The climbing rope is of a fixed length; the climber can only climb the length of the rope. Routes longer than the rope length are broken up into several segments called pitches; this is known as multi-pitch climbing. At the top of a pitch, the leader, the first climber to ascend, sets up an anchor and then belays the second climber up to the anchor; as the second climber follows the route taken by the leader, the second climber removes (cleans) the carabiners and anchors placed along the way in order to use them again on the next pitch. Once both climbers are at the top anchor, the leader begins climbing the next pitch and so on until the top of the route is reached.
In either case, upon completion of a route, climbers can walk back down if an alternate descent path exists, or rappel (abseil) down with the rope.

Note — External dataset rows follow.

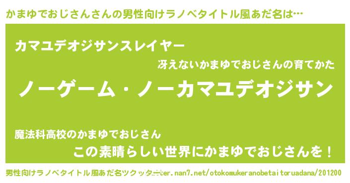 | 女子向けラノベタイトル風あだ名 | 『死神かまゆでおじさんの再婚』 |
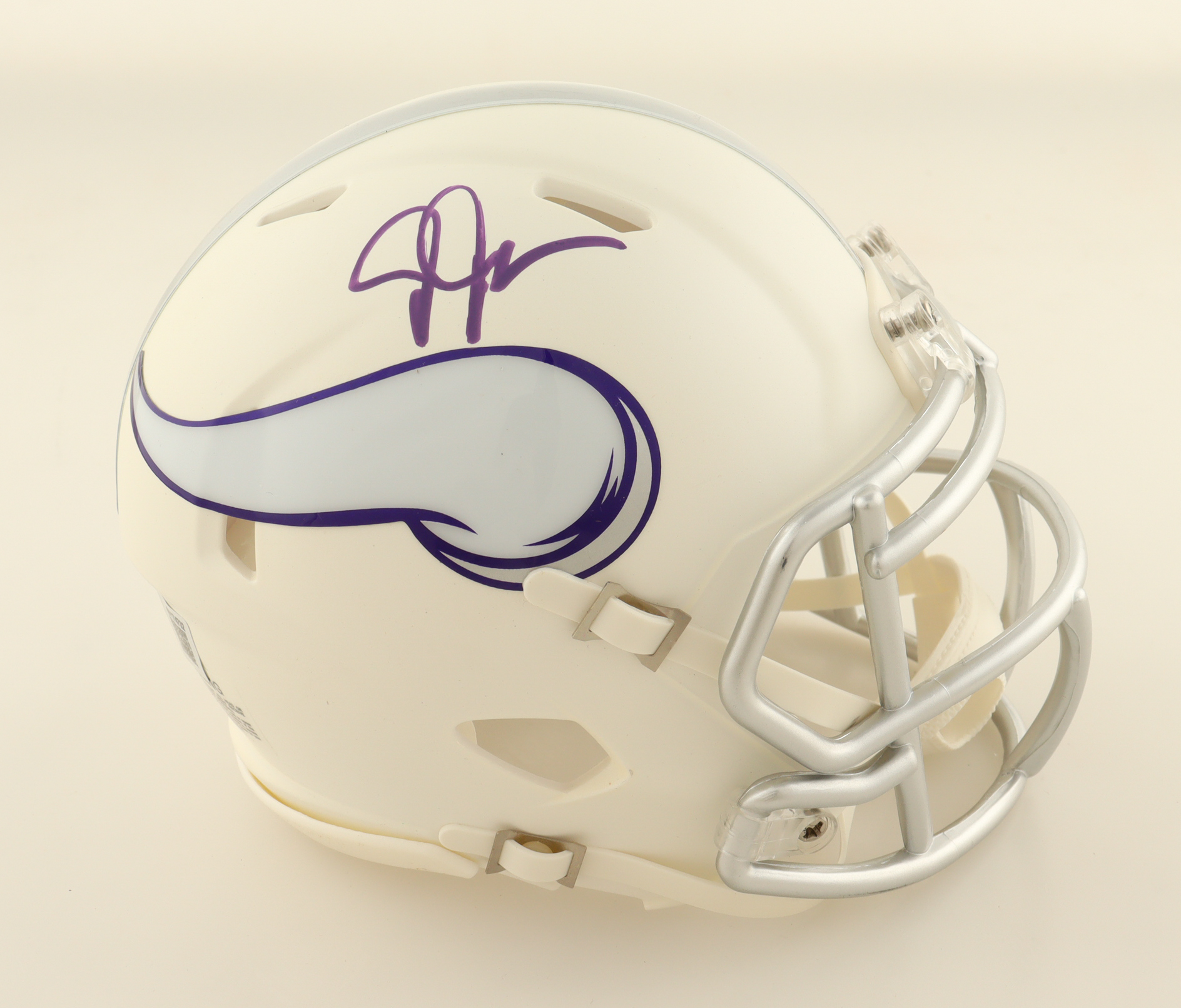 Riddell Minnesota Vikings Speed Mini Helmet. Hand-signed by Justin Jefferson.
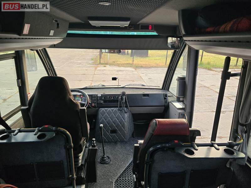 : video, WC, lodówka, caffebar, fotele odchylane, oświetlenie indywidualne, nawiewy dyszowe, siateczki, ABS, ASR, tempomat, retarder, CD, podnóżki, stoliczki, mikrofon, klimatyzacja, radio, regulacja wysokości nadwozia, centralny zamek, podwójne szyby boczne, wspomaganie kierownicy, fotele odchylane i rozsuwane, DVD, ogrzewanie stacjonarne, hak holowniczy, ESP
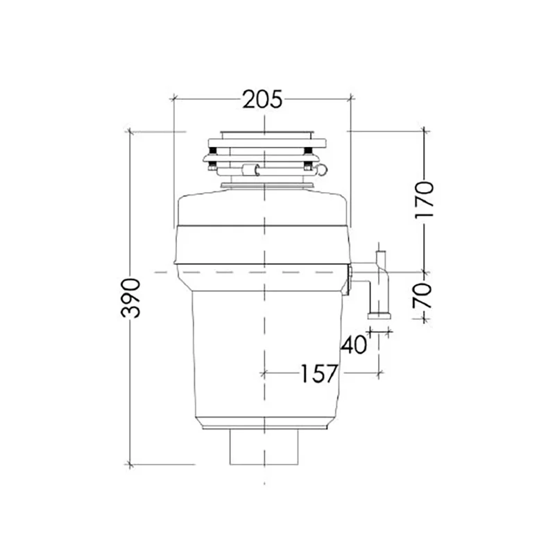 Прибор оснащен проточной системой, которая позволяет добавлять пищевые отходы непосредственно во время его работы, не прерывая процесс измельчения. Для безопасной и удобной подачи отходов в комплекте поставляется специальная крышка-толкатель. Она также выполняет функцию заглушки, закрывая сливное отверстие, когда измельчитель не используется.
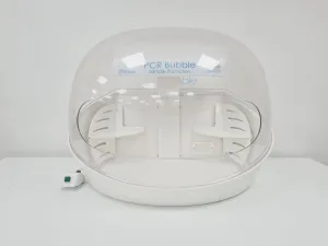 The Lab-Bubble Still Air PCR Enclosure in a sleek white design, model BUB-PCR-SA-WHT, offers an efficient environment for conducting PCR applications. Originating from a university laboratory as surplus equipment, this enclosure remains in excellent cosmetic condition, exhibiting only minor markings. Designed to safeguard against contamination, it integrates advanced still-air technology to ensure a stable and clean working environment, ideal for sensitive biological and chemical procedures.
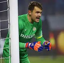 In the 2016–17 season, Zoet started the season well when he helped the side beat Feyenoord 1–0 to win the Johan Cruyff Shield.[73] He then got off with a winning start for the side by keeping four clean sheets between 20 August 2016 and 10 September 2016.[74] On 10 September 2016, Zoet made his 100th league appearance for PSV Eindhoven against N.E.C., in a 4–0 win, earning his fourth clean sheets.[75] He then started every match until he suffered a muscular problem that saw him out for a month.[76] It wasn't until on 19 November 2016 when Zoet returned to the starting lineup from injury, in a 0–0 draw against Willem II, earning his fifth clean sheet of the season.[77] In a follow up match against Atlético Madrid in the UEFA Champions League Group Stage on 23 November 2016, Zoet captained the side for the first time this season, in a 2–0 loss.[78] He then kept two clean sheets in two matches between 3 December 2016 and 10 December 2016.[79] By the end of 2016, Zoet conceded seven goals in the last fourteen matches.[80] Throughout the 2016–17 season, Zoet expressed his optimism that the club would win the league for the third time in a row.[81] He was at fault during a match against Feyenoord on 26 February 2017, conceding an own goal, which turned out to be a winning for the opposition team, as they won 2–1.[82] Despite this, Zoet continued to remain as the club's first choice goalkeeper and redeem himself by keeping another two clean sheets in two matches between 18 March 2017 and 1 April 2017.[83] However, the club failed to defend the title, ending their two seasons defence after they finished third place in the league.[84] At the end of the 2016–17 season, Zoet went on to make thirty–seven appearances (playing thirty–one times in the league) in all competitions.

Unlike traditional rock climbing, sport climbing involves the use of protection (bolts) placed with power drills or on rappel or permanent anchors which are attached to the rock walls. This is separate from bolted trad face climbing.

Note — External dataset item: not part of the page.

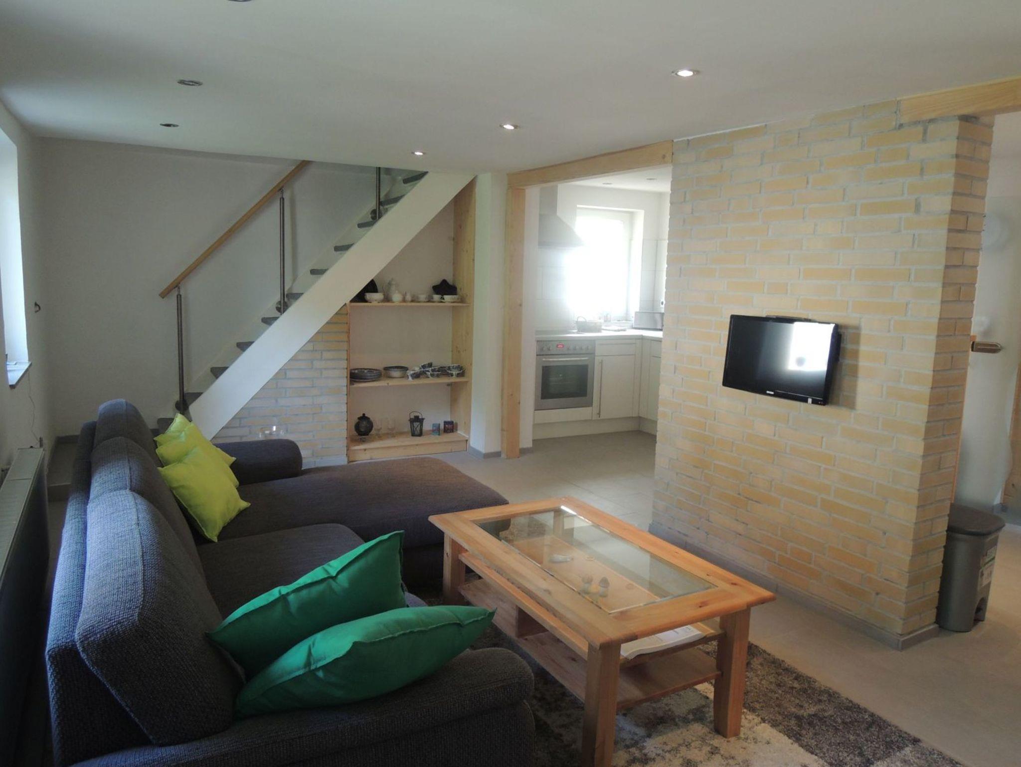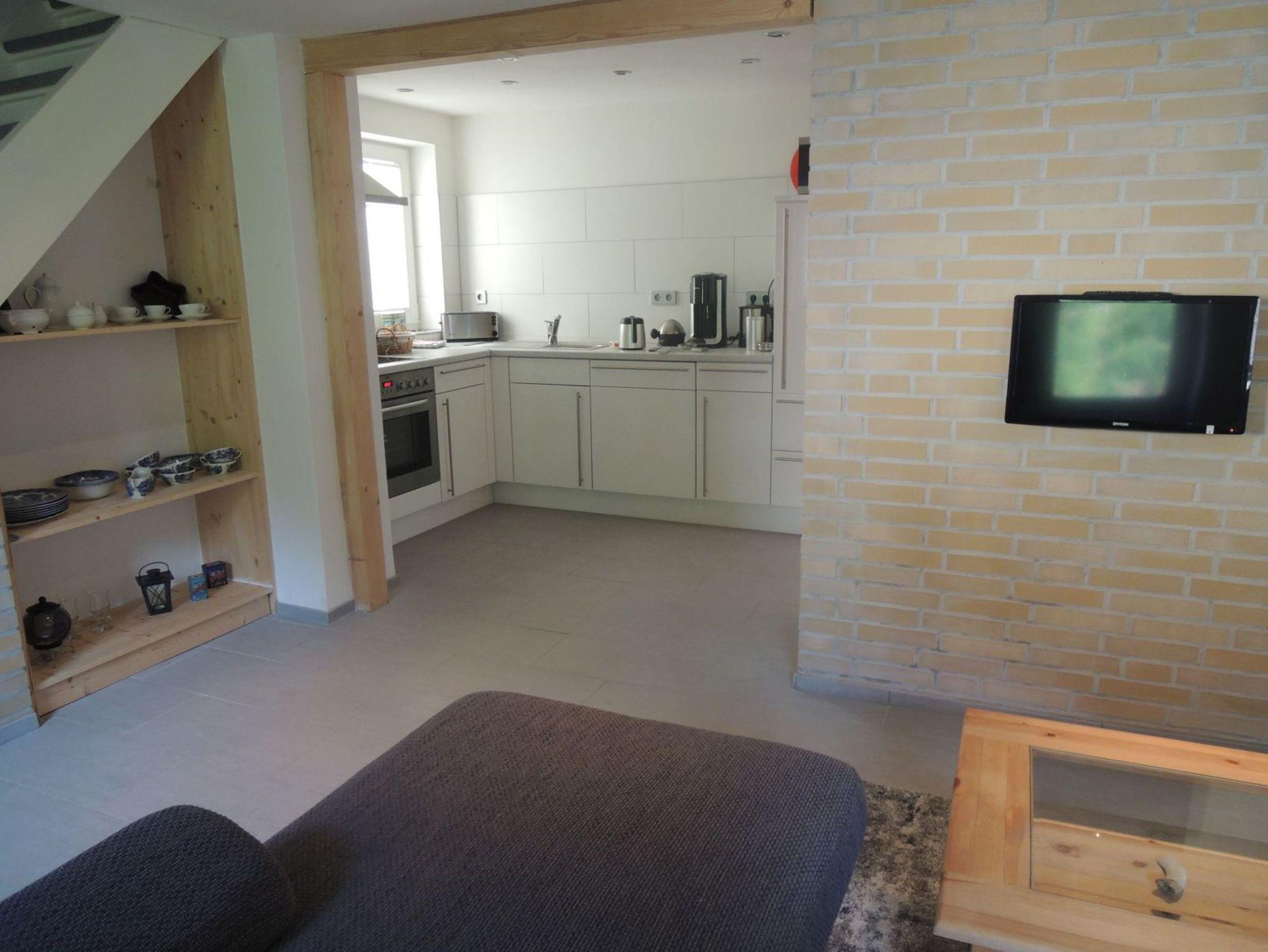 Das Ferienhaus Zur Eule besitzt ein Wohnzimmer mit gemütlichen Kaminofen (Erstausstattung 1 Korb Feuerholz inklusive), ein Schlafzimmer mit Doppelbett und einem begehbaren Kleiderschrank. Im Untergeschoss befindet sich das Bad mit zwei Waschbecken und ebenerdiger Dusche, im Obergeschoss gibt es ein zusätzliches WC. Bademäntel stehen auf Wunsch kostenfrei zur Verfügung.

Traditional or trad climbing involves rock climbing routes in which protection against falls is placed by the climber while ascending, or bolts placed on lead. Gear is used to protect against falls but not to aid the ascent directly. Traditional bolted face climbs are different than sport climbs. Trad bolted climbs use either a hand drill and or are bolted on lead. This means there are far fewer bolts and they are spaced out farther than sport climbs.

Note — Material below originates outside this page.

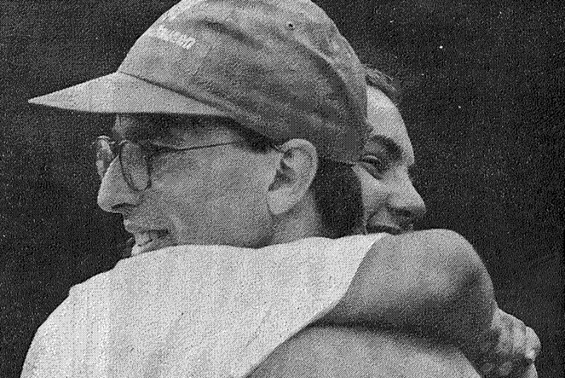 Herzogenaurach, 28.Juli 1996, Liebe geht nicht nur durch den Magen sondern macht auch schnelle Beine: Als Armin Jechnerer als Sieger des 11. Herzoman über die Ziellinie lief, gab es zur Belohnung ein Küßchen von seiner Freundin Ingrid Schneider, die kurz davor die Damenkonkurrenz des Kurztriathlons für sich entschieden hatte.
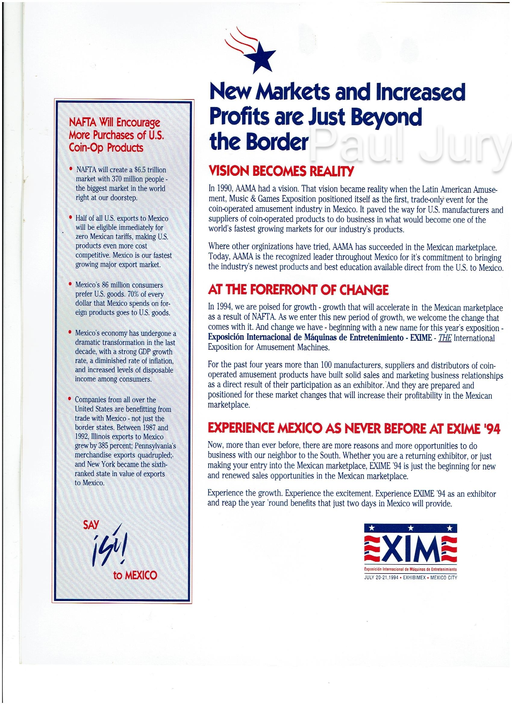 El Exime era la exhibición de video juegos, pinball redemption y entretenimiento electro mecánico, que se hacía en México desde 1990, anualmente. Y se presentaban los distribuidores, importadores y gente de las marcas de Estados Unidos y Japón.

Bottom rope climbing and top rope climbing
Bottom rope climbing
Commonly known as “Top Roping”: belaying a climber from the ground or the base of the route. A belay system resembling a pulley in which an anchor has been created at the top of a climb, through which the rope runs through from the belayer on the ground, to the climber on the ground (position before starting the climb). The rope is “taken-in”, to clear up the slack as the climber moves upwards, so in the event of a fall, the climber falls the shortest distance possible. The length of a fall is normally no more than a meter, but can vary depending on the length of the route (the longer the rope, the more stretch the rope will undergo when weighted) and the weight of the climber compared to that of the belayer, among other things.
Top rope climbing
Also known as “seconding,” or belaying a climber from the top of a route, bringing them up to walk off or continue on to next pitch. A similarly safe system of climbing a route, except the belayer has set the anchors at the top of the climb (normally after leading a route) to belay the climber either indirectly (belayer is part of the system and can be vulnerable when exposed to unexpected directions of pull and loading of the rope) or directly (belayer is not part of the system and belaying is done directly from the anchors using either an Italian / Munter Hitch or adapted use of a belay device), up the route from the top. If bolts have been clipped or traditional gear placements have been made, it is the job of the climber to collect and clean the route.
A method of fairly easily ascending a route, heavily dependent on permanent protection rather than using natural rock features to proceed.